== Segment start ==
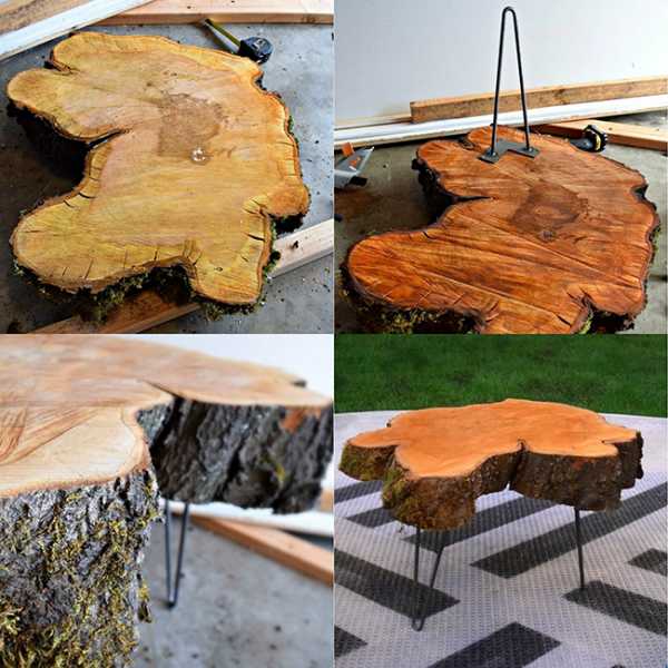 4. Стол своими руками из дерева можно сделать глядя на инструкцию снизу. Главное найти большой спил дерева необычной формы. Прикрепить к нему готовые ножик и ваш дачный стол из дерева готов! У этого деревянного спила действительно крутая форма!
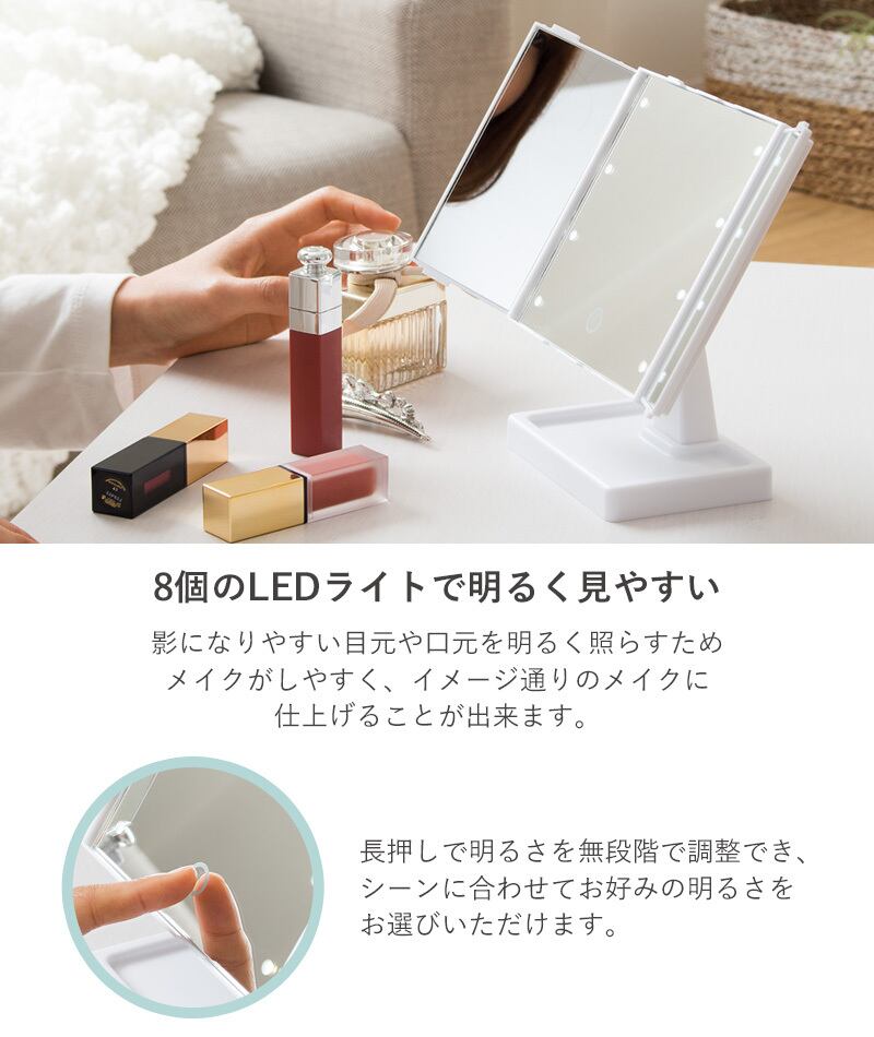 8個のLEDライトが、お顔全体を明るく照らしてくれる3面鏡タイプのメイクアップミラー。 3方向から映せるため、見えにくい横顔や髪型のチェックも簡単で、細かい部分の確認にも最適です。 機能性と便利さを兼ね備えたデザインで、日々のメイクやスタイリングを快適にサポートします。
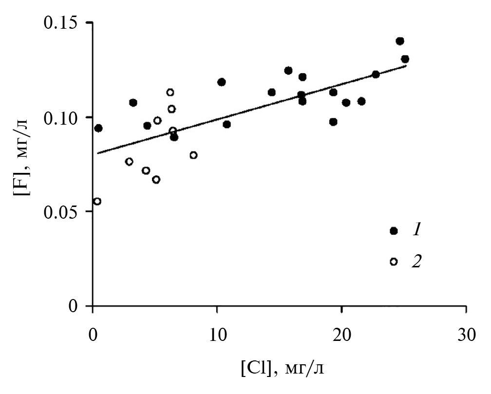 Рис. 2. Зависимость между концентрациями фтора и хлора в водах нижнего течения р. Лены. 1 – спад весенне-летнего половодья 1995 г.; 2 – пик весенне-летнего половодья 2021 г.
== Segment end ==
# WORK TO BE COMPLETED:
Transcribe each line above verbatim, with the pictures left out.

# SOLUTION BELOW:
 4. Стол своими руками из дерева можно сделать глядя на инструкцию снизу. Главное найти большой спил дерева необычной формы. Прикрепить к нему готовые ножик и ваш дачный стол из дерева готов! У этого деревянного спила действительно крутая форма!
 8個のLEDライトが、お顔全体を明るく照らしてくれる3面鏡タイプのメイクアップミラー。 3方向から映せるため、見えにくい横顔や髪型のチェックも簡単で、細かい部分の確認にも最適です。 機能性と便利さを兼ね備えたデザインで、日々のメイクやスタイリングを快適にサポートします。
 Рис. 2. Зависимость между концентрациями фтора и хлора в водах нижнего течения р. Лены. 1 – спад весенне-летнего половодья 1995 г.; 2 – пик весенне-летнего половодья 2021 г.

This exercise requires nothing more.